Read aside cache: In this case, the cache system does not update itself. An application makes a request to cache and if fails, the application makes a subsequent request to the origin source. Then, if the application wishes, it makes a request to update the cache.

What are some common cache invalidation techniques?

Purge: Removes an object from cache.
Refresh: Fetch the content from origin source and updates the cache content.
Ban: Forbids the cache so store objects that follows a certain pattern.
TTL: Executes a Refresh operation as soon as the TTL is expired.
Stale-while-revalidate: Always serve an entry in the cache but asynchronously make a fetch on the origin server to update the cache.

What should be considered when implementing a cache?

In distributed systems, we should consider how the caches will be updated. One technique consists into invalidating an entry in the cache when the same is updated.

How to reduce likelihood of data loss during a client request?

A system is considered unreliable if it behaves different from what the client expectations. If a client makes a request that contains data on it, it suffices to reply with acknowledgement message to the client as soon as the data is processed. To reduce the likelihood of data loss, consider that the data has been received only after it was processed/copied by at least K nodes in your system.
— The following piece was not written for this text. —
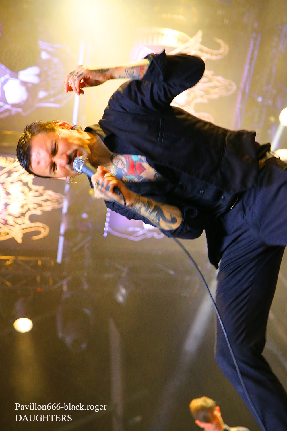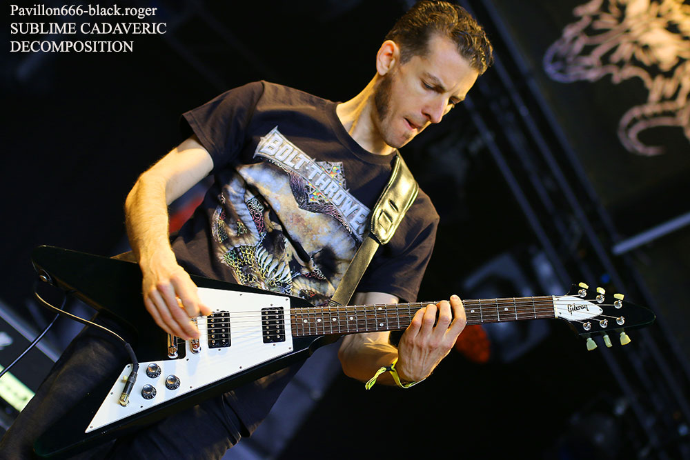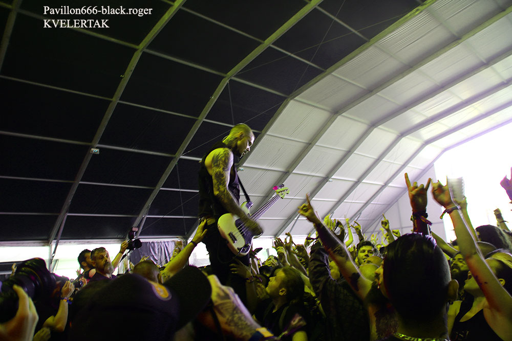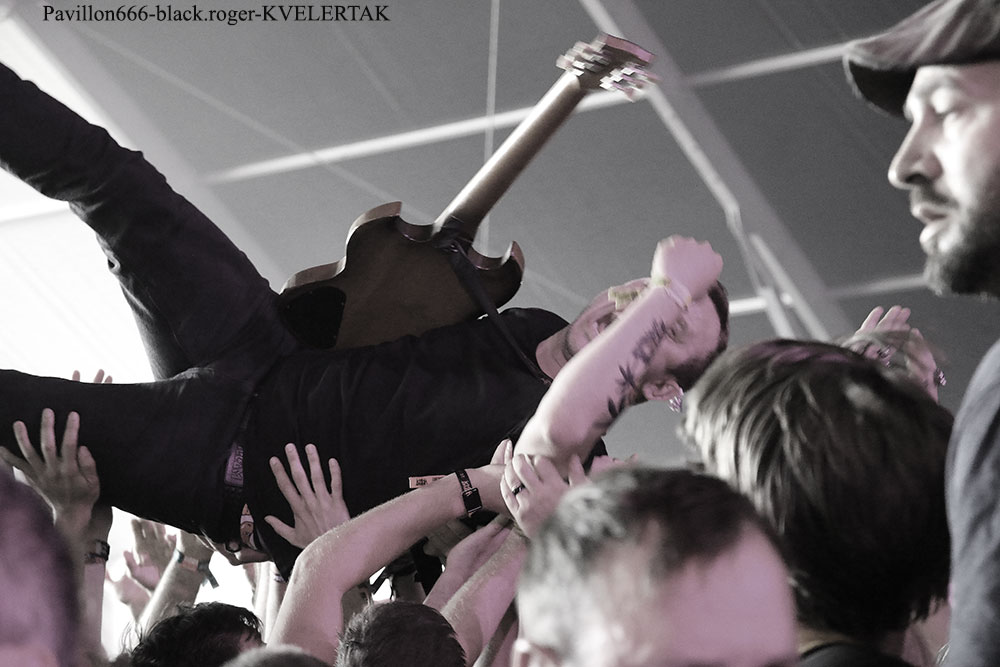 Pavillon666 avait délégué deux chroniqueurs/photographes afin de couvrir cette fête du rock/metal/hardcore/punk et plus si affinité. Voici tout d’abord la chronique et les photos de black-roger pour la journée du Vendredi 21 Juin ; Jean-Philippe vous fera part de ses impressions et photos sur un autre post, alors bonne lecture ! KHAOS DEI – 11 heure 05 – Temple Je commence cette journée du Vendredi avec du black-metal frenchie, Khaos dei ayant frappé les esprits avec son second « méfait » intitulé « catechism », une ode à Satan, un Satan guerrier. Ici pas de compromis ni de carton-pâte, le black du trio part en guerre avec un chant guttural parfois, crié aussi pour des compositions bien travaillées sur des paroles en français SVP, la noirceur est là bien palpable. SUBLIME CADAVERIC DECOMPOSITION – 11 heure 40 – Altar Sur la scène à côté de la Temple, l’Altar, on nous propose du grindcore, mais pas n’importe lequel, celui de Sublime Cadaveric Décomposition. Le trio « parigot » n’est pas venu au Hellfest pour enfiler des perles c’est certain. Alors que ce soit en petit club ou sur une grande scène SCD est à l’aise et vous emmène dans son « porno-gore » mâtiné de black, bien épais, bien « crade », sans concession. SCD sublime le grindcore, c’est sans appel, alors fatalement on aime sans faux semblant. GLORYHAMMER – 12 heure 15 –Mainstage 1 Et puis hop, en passant devant la mainstage 1 nous ne pouvons que nous arrêter et apprécier (ou pas) les aventures spatiales, « heroïc fantasy » et power-metal de Gloryhammer qui nous présente en live son nouvel opus « legends from beyond the galactic terror vortex », mais pas que ! Voyage intersidéral coloré garanti en live. UADA – 13 heure 35 – Temple Retour à la Temple pour du black à nouveau, celui de UADA venu de Portland, Oregon, afin de nous brutaliser avec du B.M 90’ classique mais d’une efficacité redoutable. Ces encapuchonnés ont tout comprit au film de l’agressivité entrecoupée de mélodies empoisonnées. Du coup en live on déguste ce mix bien agencé techniquement et visuellement, on aime tout simplement. DAUGHTERS – 14 heure 20 – Altar Après 8 ans de silence radio, Daughters remet les pendules du rock nerveux à l’heure. En effet ils ne nous offrent pas seulement du binaire, mais du mathcore et de la noise à vous coller au plafond de votre salon. Et en live c’est une autre histoire, le quatuor se déchaine et le frontman suivi de ses acolytes sort le plus souvent sur les « crash-barrières » et dans le public, alors c’est complètement dément, jouissif et violent en même temps, quelle baffe mes amis pour un retour fracassant sur les planches ! POWER TRIP – 16 heure 00 – Altar Même scène que Daughters, même combat, si j’ose m’exprimer ainsi avec les « ricains » de Power Trip qui vont nous infliger une « raclée » crossover/thrashcore pas piquée des vers. Power trip en live met tout le monde d’accord, que vous soyez métalleux dans l’âme ou « coreux » en casquette, ça fait mal, très mal (enfin ça fait du bien quoi !). L’an dernier à Genève j’avais pris une baffe sur la joue droite et aujourd’hui à Clisson j’en ai pris une sur la joue gauche. Mais je suis prêt à les revoir encore et encore, la classe quoi ! PESTILENCE – 17 heure 40 – Altar Voici donc des death métalleux mythiques spécialistes des séparations/reformations depuis 1986. Alors en cette fin d’après-midi du vendredi nous profitons de la prestation des Hollandais toujours emmenés par l’incontournable Patrick Mameli. Pestilence, l’un des groupes fondateurs du death-metal Européen continue sur sa lancée nous offrant son death, certes old-school et technique, mais innovant dorénavant avec des touches plus modernes. Bref, ce fus un set excellent donné à Clisson pour les amateurs du genre. IMPALED NAZARENE – 18 heure 35 – Temple Ce sont des blackeux peut-être, des punks sûrement, des extrémistes purs et durs et provocateurs, enfin quoi ! Ces Finlandais incontrôlables et incontrôlés. Impaled Nazarene nous propose donc son « nuclear metal » depuis l’an 1990 et reste fidèle à son style, si style il y a bien entendu. De toutes façon avec eux c’est rapide, tranchant et répétitif à souhait ; et on en ressort pas indemne à la fin de leur set, quelle haine, quelle destruction, incroyable ! KVELERTAK – 19 heure 40 – Altar Dire que les Norvégiens de Kvelertak étaient très attendus serait un doux euphémisme. En effet la scène Altar a fait le plein et même plus pour leur show très chaud. Alors, punk-hardcore, black n’roll et plus si besoin tout est mis en œuvre pour vous donner le tournis ; ça virevolte dans tous les sens et ça tabasse sec dans un style vraiment surprenant et atypique et tout cela en Norvégien, CQFD. Leur set fut donc explosif ce soir au Hellfest, un set incroyable, mouvementé et même envoutant, très particulier quoi mais accrocheur en diable tout simplement, nous avons donc adoré ! VENOM INC. – 20 heure 45 – Temple A l’origine nous avions Venom, maintenant nous avons deux Venom et ce soir c’est Venom Inc. Qui est là devant nous à 20 heure 465 sous la Temple pour un moment…peut-être nostalgique qui sait avec Mantas et Abaddon (ex- qui vous savez…), et Tony Dolan au chant/basse. Les Anglais nous proposent une ambiance bien old-school, spped/punk/heavy/thrash comme au bon vieux temps de Cronos ‘oups !). N’empêche que la reprise du fameux titre « black-metal » fait du bien dans les cages à miel. Merci Venom Inc. Vous assure, on aime. POSSESSED – 21 heure 50 – Altar Pionniers du death-metal les « ricains » de POSSESSED avaient mis fin à leurs activités en 1987. Mais l’appel du metal extrême a fait son œuvre et depuis 2007 le groupe est remonté sur scène régulièrement en sortant même un nouvel opus intitulé « revelations of oblivion » en cette

What are some common caching strategies?

In-memory caching: In distributed systems, it is common to use Memcached or Redis for that.
Client-side caching: Browser caching
Database caching.
CDN caching
DNS caching.

What is a CDN?

CDN stands for "Content Delivery Network". It is a technique to reduce latency and improve throughput on the content served by a system.

This is done by creating a network composed of Edge servers that are distributed globally. Users are connected to the closest Edge server. The edge server keeps a cache locally and it can retrieve the requested data without passing through the source server.

Akamai is an example of static CDN.

2025-03-03

How proper quorum configuration can improve your system?

Fault tolerance: By considering an operation to be completed whenever a certain number of nodes has completed it enables the system to continue operating even if some nodes are unavailable or for some reason have failed to complete the operation.
The side-effect this is consistency. If an operation is said to be completed before being executed in all nodes, that means that we allow nodes to temporarily have divergent data.

How the quorum choice can impact availability?

If we choose a high quorum for an operation and the system faces a network instability, the operation might be blocked for a while.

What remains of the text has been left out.